• [Your assignment]: Lower down are entries containing pictures. Copy exactly, without those pictures, the lines from the line with "Juego de 4 ruedas" through the line with "The colorful FullRGBTM".

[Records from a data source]
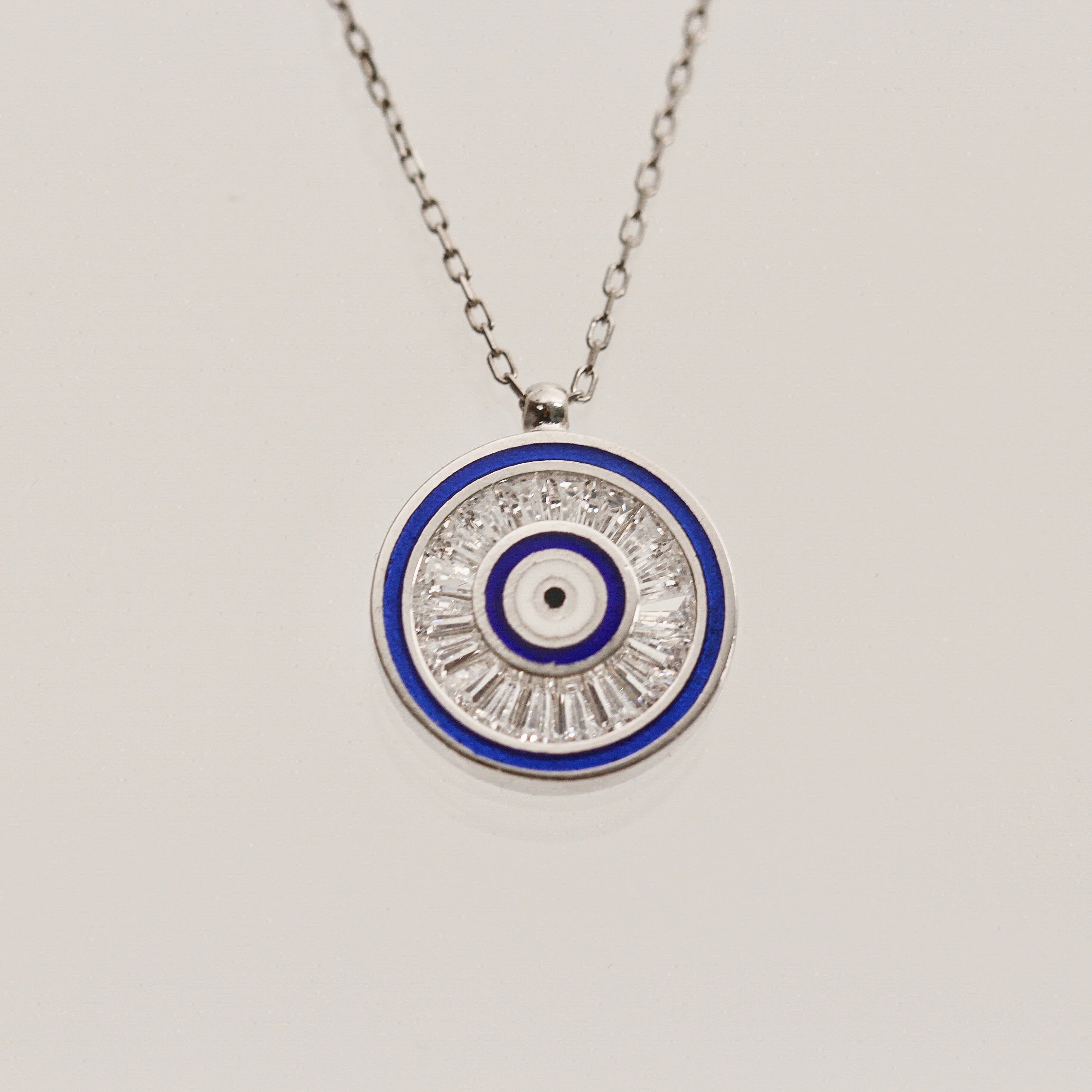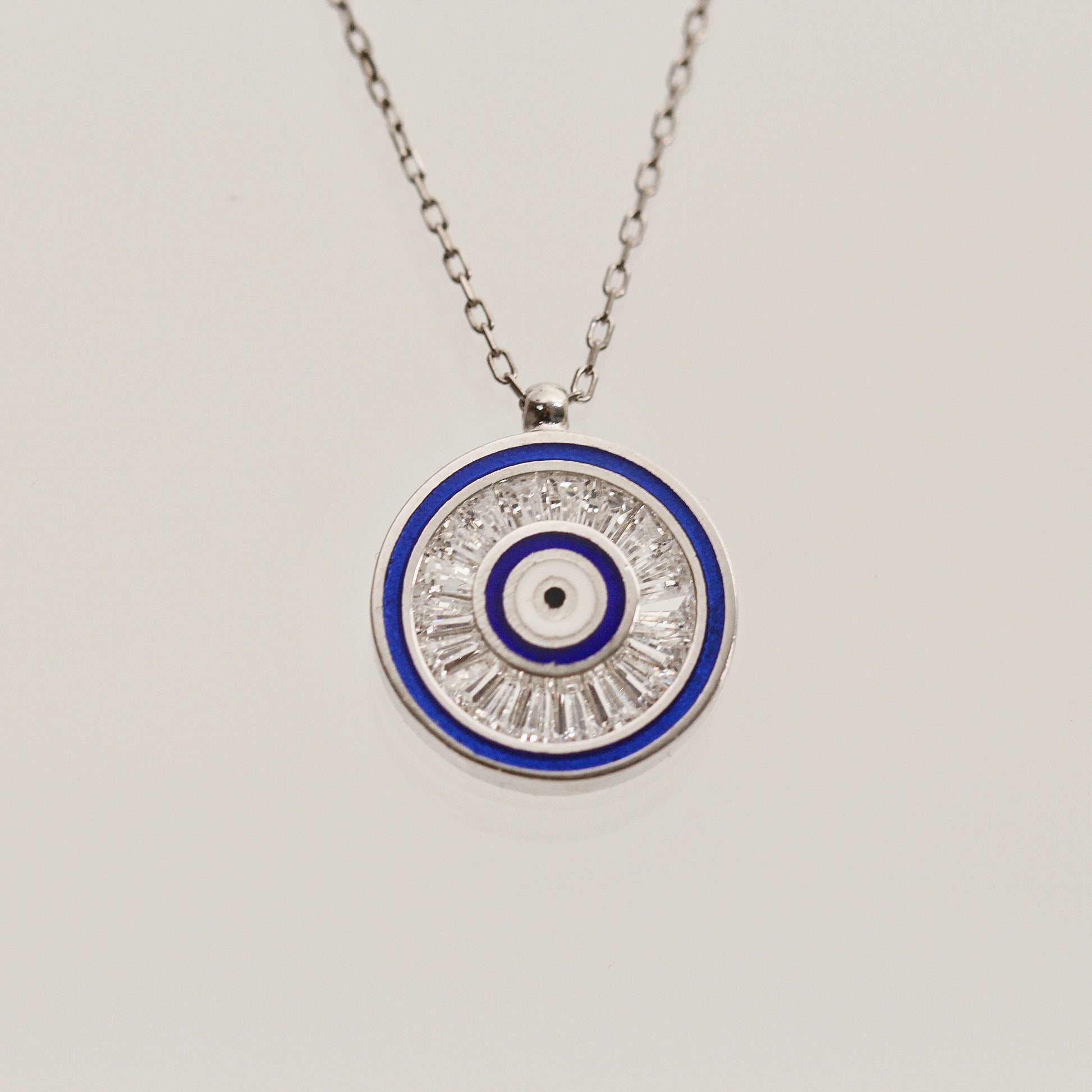 Wear the mystique of the Evil Eye, said to ward off jealousy and negative energy, with this stunning trapeze pendant necklace. Handcrafted in 14k solid gold, this necklace features a round cut gemstone that sparkles with every movement. Available in 14k yellow, rose, or white gold, it's the perfect accessory to add a touch of elegance to any outfit.
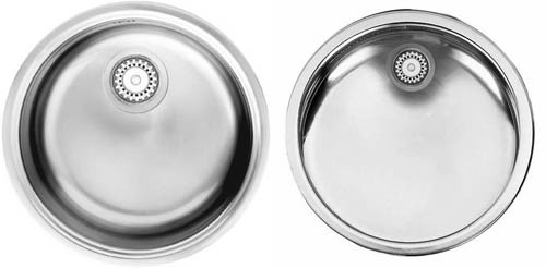 Round bowl inset kitchen sink in stainless steel with round drainer.
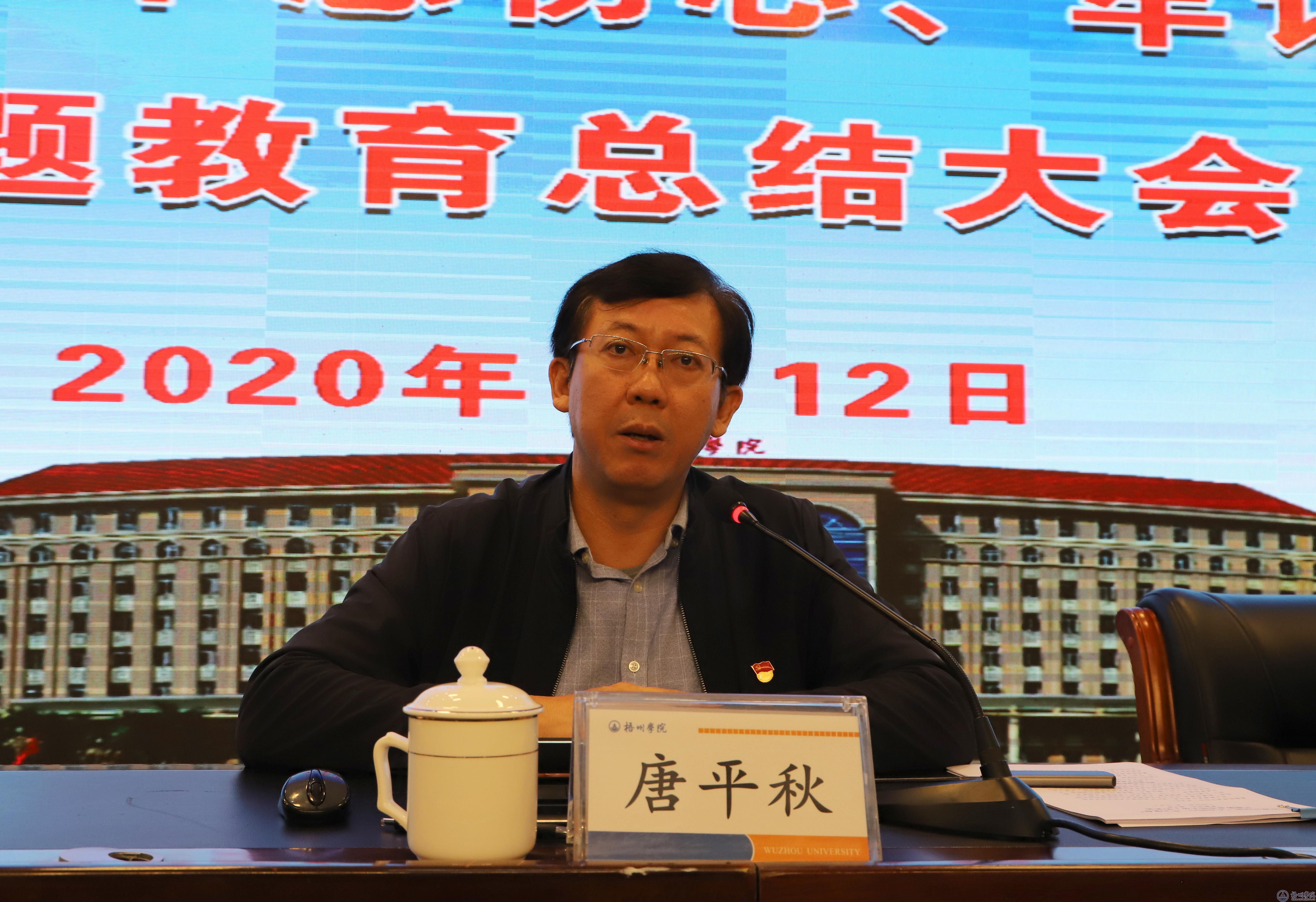 校党委书记唐平秋作主题教育总结讲话。他指出,全校各级党组织及党员干部以饱满的政治热情、严实的工作作风、良好的精神状态投身到主题教育中去,达到了预期目的,取得了扎扎实实的成效。通过主题教育,我们增强了政治定力、提升了学习力、提升了执行力、激发了创新力、实现了党建与业务双融合双促进、政治生态得到进一步净化。针对存在的不足,他从学习深度力度还有差距、思想解放创新还有差距、责任担当作为还有差距三个方面进行了剖析。他强调,各级党组织要及时跟进学,要知行合一、学以致用,把落实全国、自治区“不忘初心、牢记使命”主题教育总结大会精神作为增强“四个意识”、坚定“四个自信”、做到“两个维护”的重要途径和重要实践,持续在“不忘初心、牢记使命”主题教育上下功夫,使之成为加强党建的永恒课题和党员干部的终身课题;持续在学懂弄通做实上下功夫,深学笃用习近平新时代中国特色社会主义思想,使之在梧州学院落地生根、开花结果;持续在强化自我革命上下功夫,抓好主题教育各项整改任务落实;持续在建章立制上下功夫,不断完善学校治理体系;持续在营造良好政治生态上下功夫,推进全面从严治党向纵深发展;持续在加强党建上下功夫,充分发挥“关键少数”的“头雁效应”。
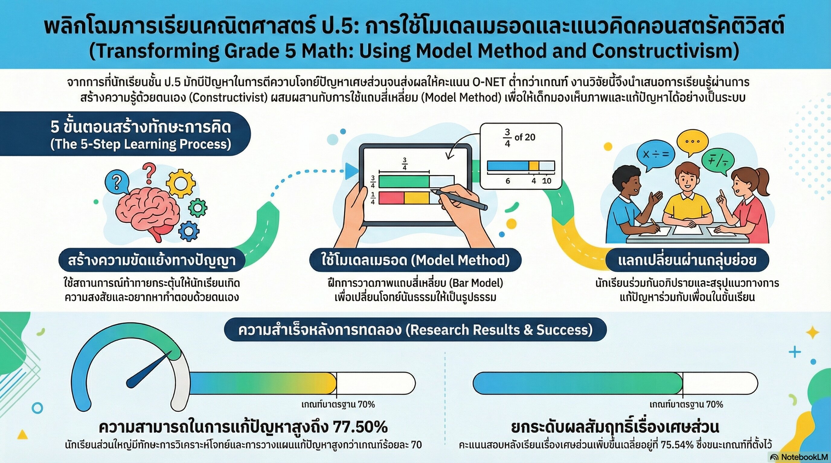 ผลการจัดกิจกรรมการเรียนรู้ตามทฤษฎีคอนสตรัคติวิสต์ร่วมกับโมเดลเมธอดที่มีต่อความสามารถในการแก้ปัญหาทางคณิตศาสตร์และผลสัมฤทธิ์ทางการเรียนคณิตศาสตร์ ของนักเรียนชั้นประถมศึกษาปีที่ 5
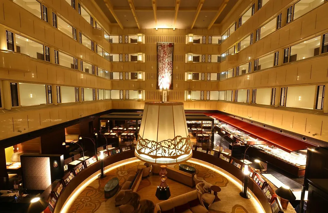 Dining options include the Bonheur teppanyaki grill, where food is cooked at the table, and La Jyho, which serves both Japanese and Western-style buffet breakfast and meals. Additionally, a patisserie offers colorful desserts for guests to enjoy throughout the day.
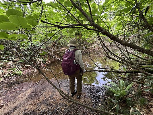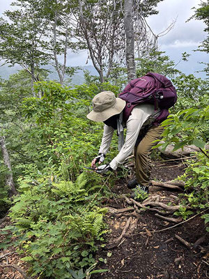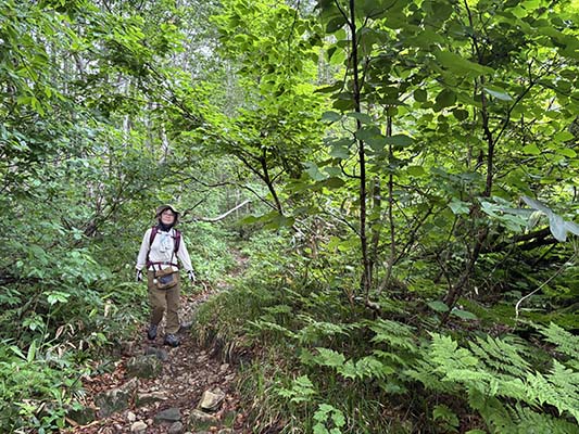 山では良くクマに会いますが、ほとんどはこんな感じです。この頃は里に下りてくるクマは親から間違った教育を受けているのが多く、ちょっと困った事象が起こっていますが… この時期しか見られない花もあり、鹿の食害もない私のお気に入りの山で、お客様にはぜひ登っていただきたく、この山行を企画しました。
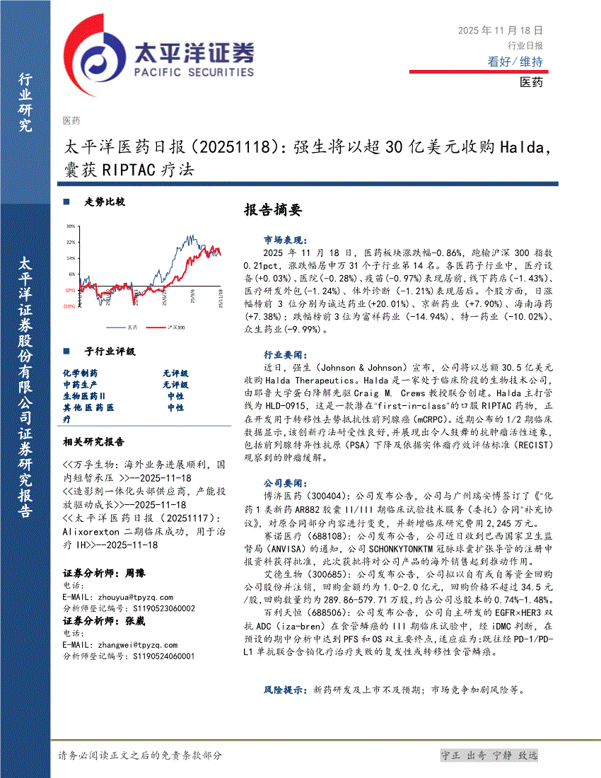 医药行业:太平洋证券-医药行业日报:强生将以超30亿美元收购Halda,囊获RIPTAC疗法-251118
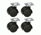 Juego de 4 ruedas de nylon negro con pletina. Sistema de fijación con tornillo. Recomendadas para mobiliario y mueble de oficina.
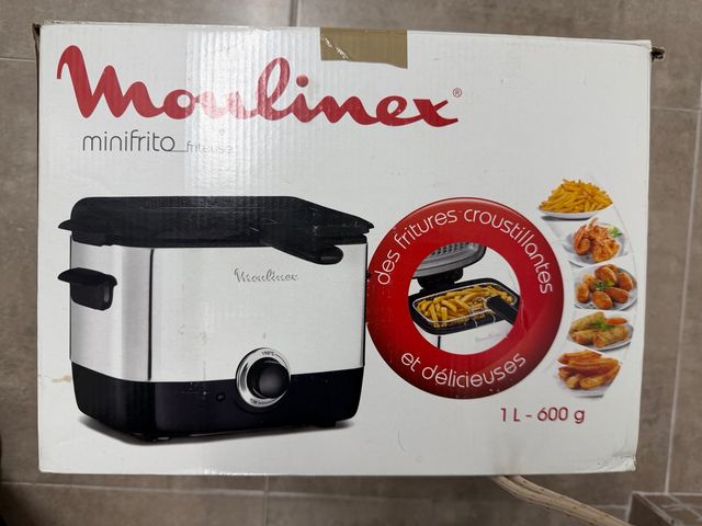 Detalles del productoFreidora Moulinex modelo Minifrito, con capacidad de 1 litro y 600 gramos. Ideal para 1 o 2 personas.
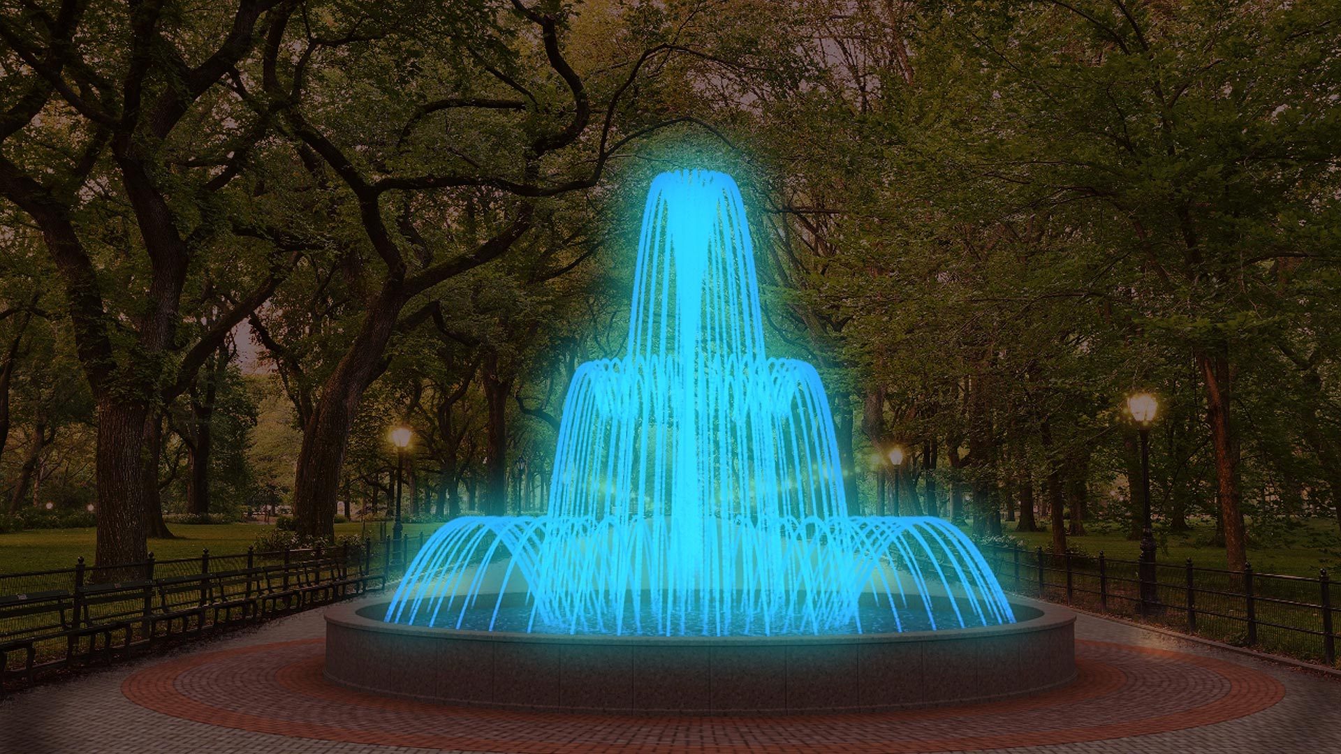 The colorful FullRGBTM lights emphasize the water feature in the evening darkness. The fountain sparkling in a variety of colors attract the visitors and becomes a real meeting point. The color of the fountain can be adjusted easily by a remote control either for one specific color of for a play of colors.
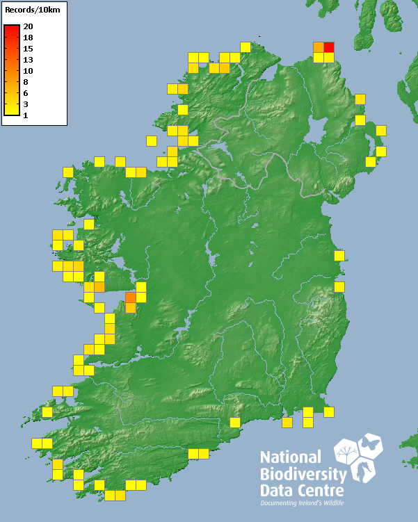 Distribution of the number of records recorded within each 10km grid square (ITM).Marine Map - 50km
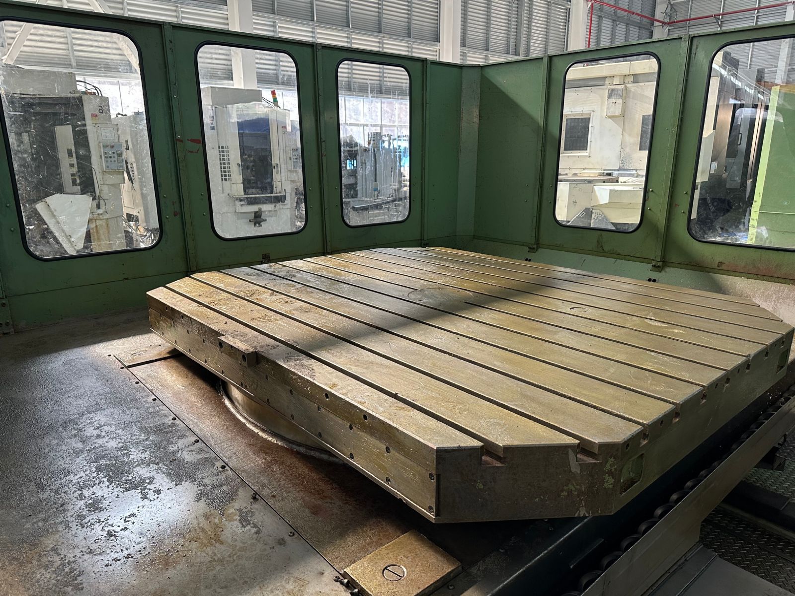 系统:TOSNUC 888 行程:X轴3000mm*Y轴2300mm*Z轴1600mm W轴:800mm 主轴直径:130mm 主轴转速:2500rpm 主轴刀柄:BT50 工作台尺寸:2200*1800 分度:万分之一度 工作台承重:10000KG 刀库容量:38把 带光栅尺全闭环控制 主轴中心出水

• [Answer to this task]:
 Juego de 4 ruedas de nylon negro con pletina. Sistema de fijación con tornillo. Recomendadas para mobiliario y mueble de oficina.
 Detalles del productoFreidora Moulinex modelo Minifrito, con capacidad de 1 litro y 600 gramos. Ideal para 1 o 2 personas.
 The colorful FullRGBTM lights emphasize the water feature in the evening darkness. The fountain sparkling in a variety of colors attract the visitors and becomes a real meeting point. The color of the fountain can be adjusted easily by a remote control either for one specific color of for a play of colors.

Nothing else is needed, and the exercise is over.